|
|
|
|
|
by tedmiston
2932 days ago
|
|
You should write one from scratch to get a deeper understanding of how hard it is to return highly relevant results quickly. Tokenizing, stemming, bag of words, and tf-idf for ranking get you to an MVP, but then you realize how good production grade search engines are today. Solr is good. I've been wanting to try Lunr [1] for small sites. [1]: https://github.com/olivernn/lunr.js |
|
We wrote our own search engine at that point. You are right that there are a lot of little “devil in the details” issues. But overall it was a fun experience.
This was needed to support some specific machine learning workflows in the search ranking process — which could not be used if we paid the high latency cost to first get preliminary results in Solr.

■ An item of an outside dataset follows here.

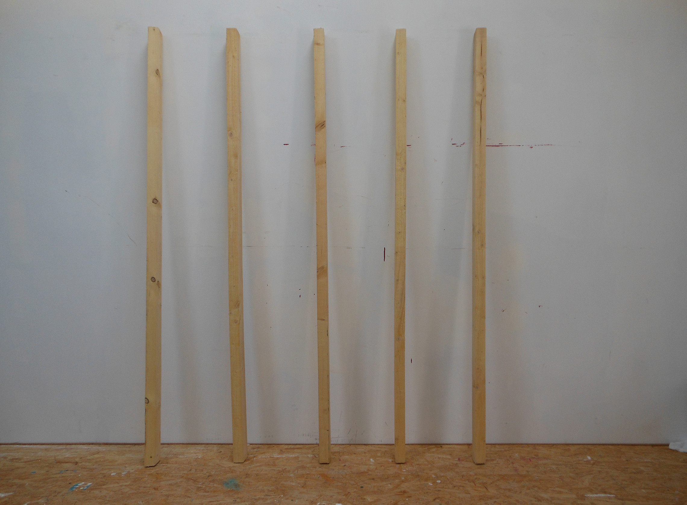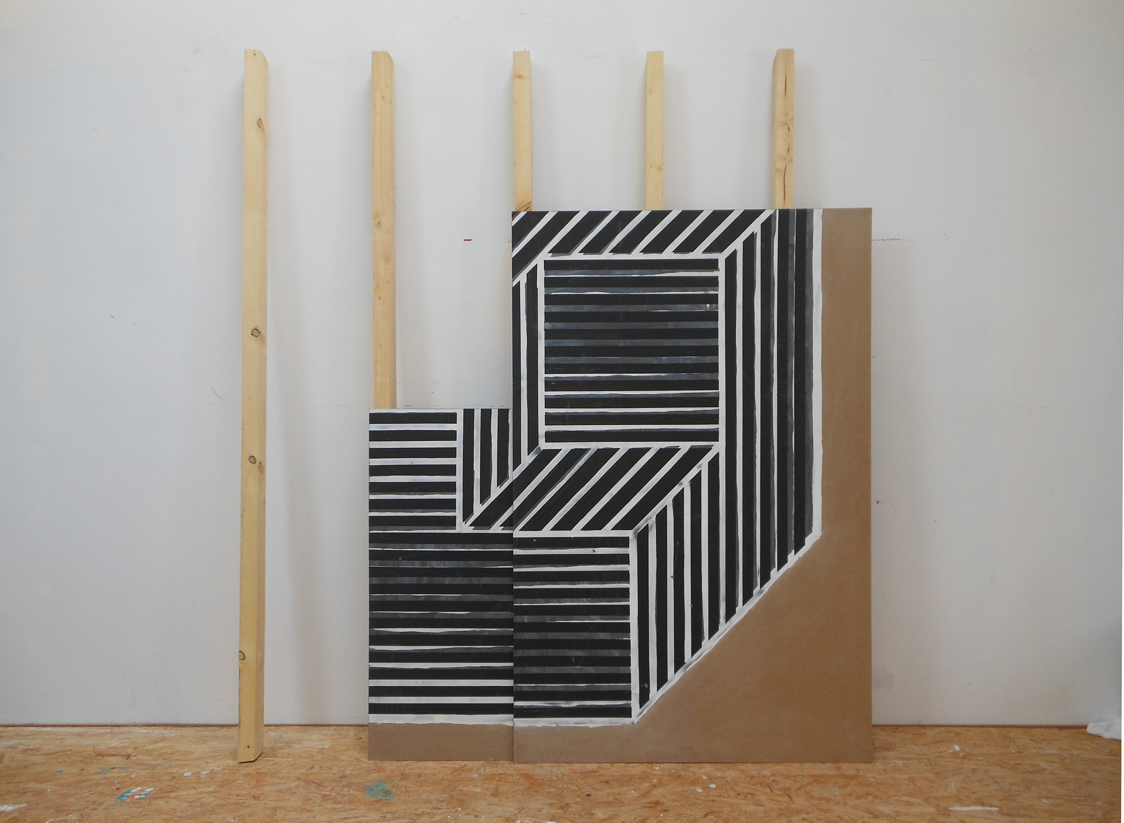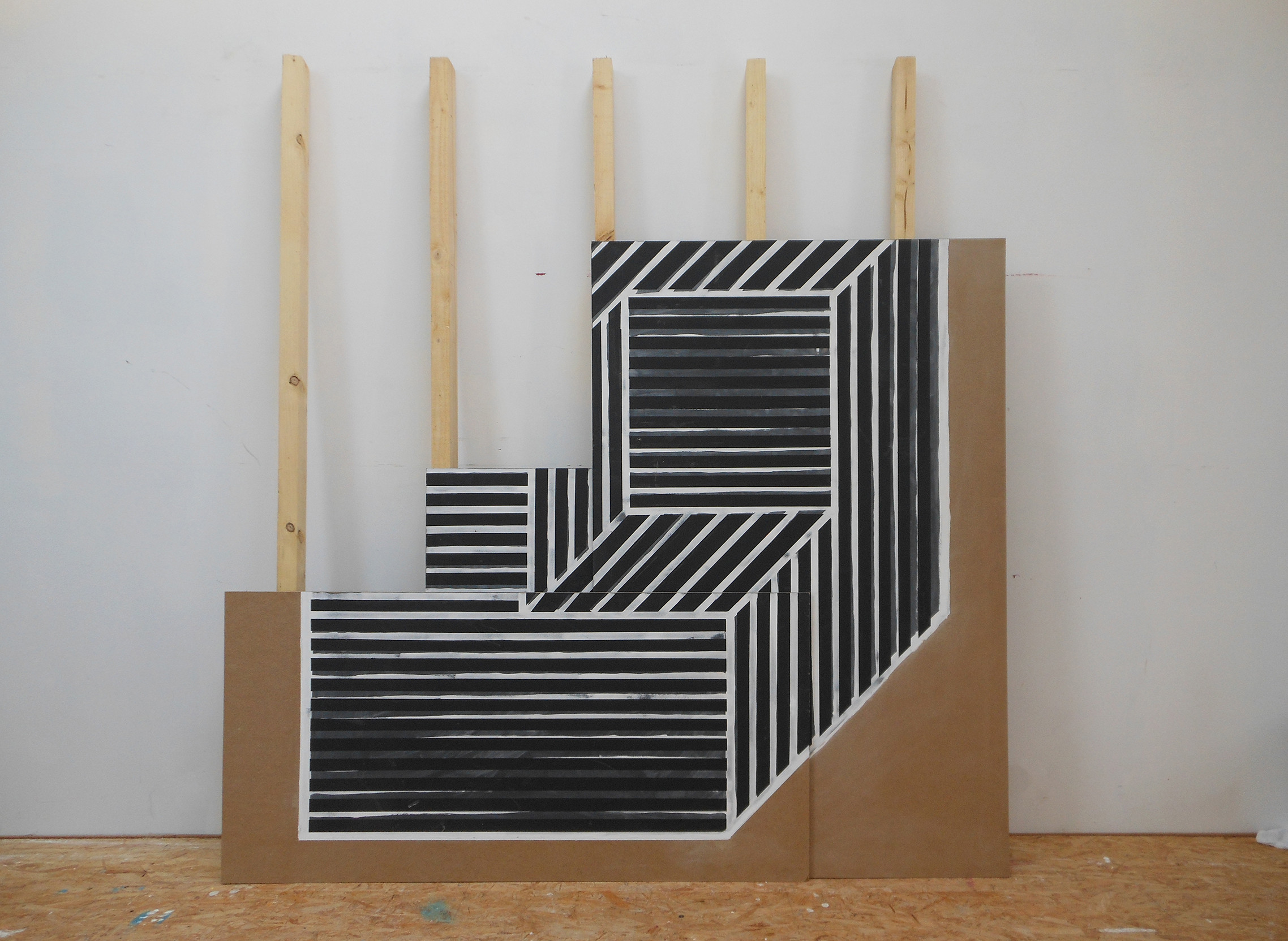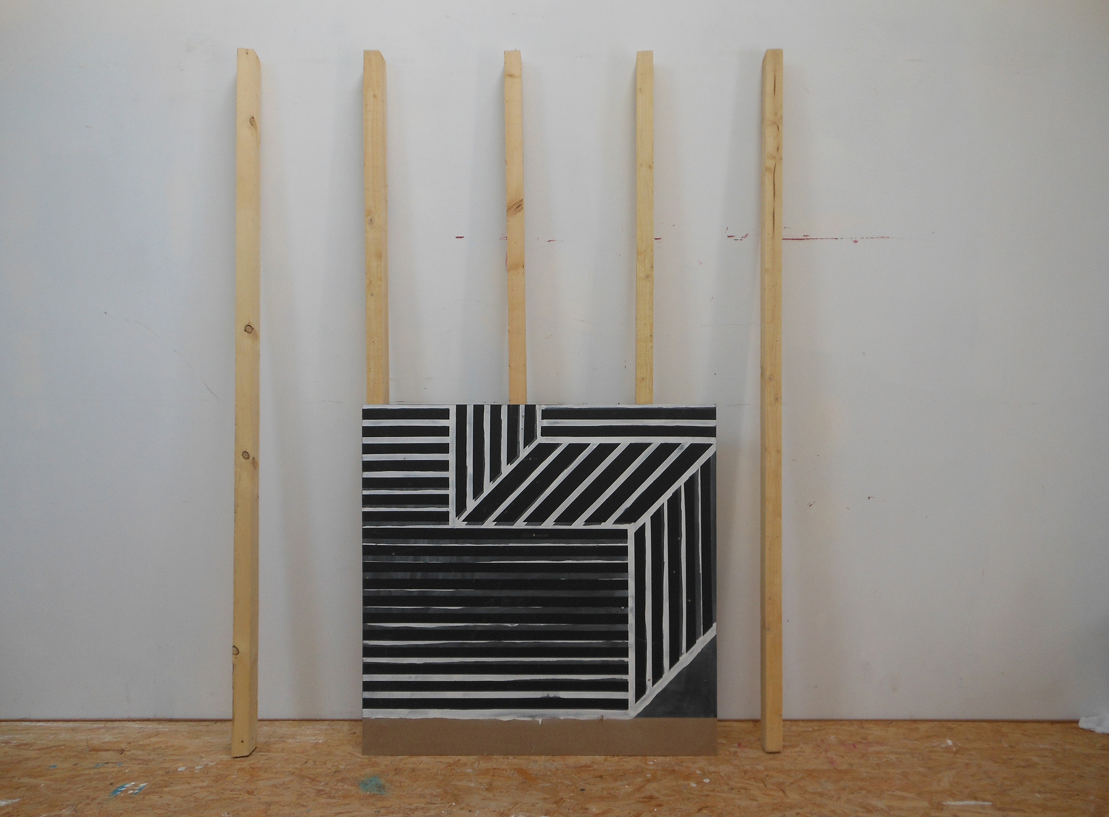 Cette installation est composée de panneaux MDF superposés et adossés à des chevrons, ces éléments de construction sont abandonnés contre un mur.Comme une image rémanente, la superposition des plaques reconstitue «Cube without a cube» d'après Sol LeWitt.

So we took a “create your own index data structures” approach with index data (both the normalized bag of words vectors and companion data like boolean filters), which allowed us to highly optimize the initial broad ranking query. Latency was low enough that it allowed the time cost of calling follow-on machine learning services.
This was for a fairly high-traffic product search engine at an online retailer. It ended up working very well and over a span of about two years we eventually rolled all search traffic onto the in-house platform, even the parts not needing the machine learning services, and our query latencies went down across all our traffic, and we retired the original Solr implementation.
Wouldn’t be the right choice for everyone, but it informs my opinion a lot about the worthwhileness of creating an in-house search engine to specifically replace Solr. I’d suspect a lot of medium-sized or large companies running Solr should seriously consider it.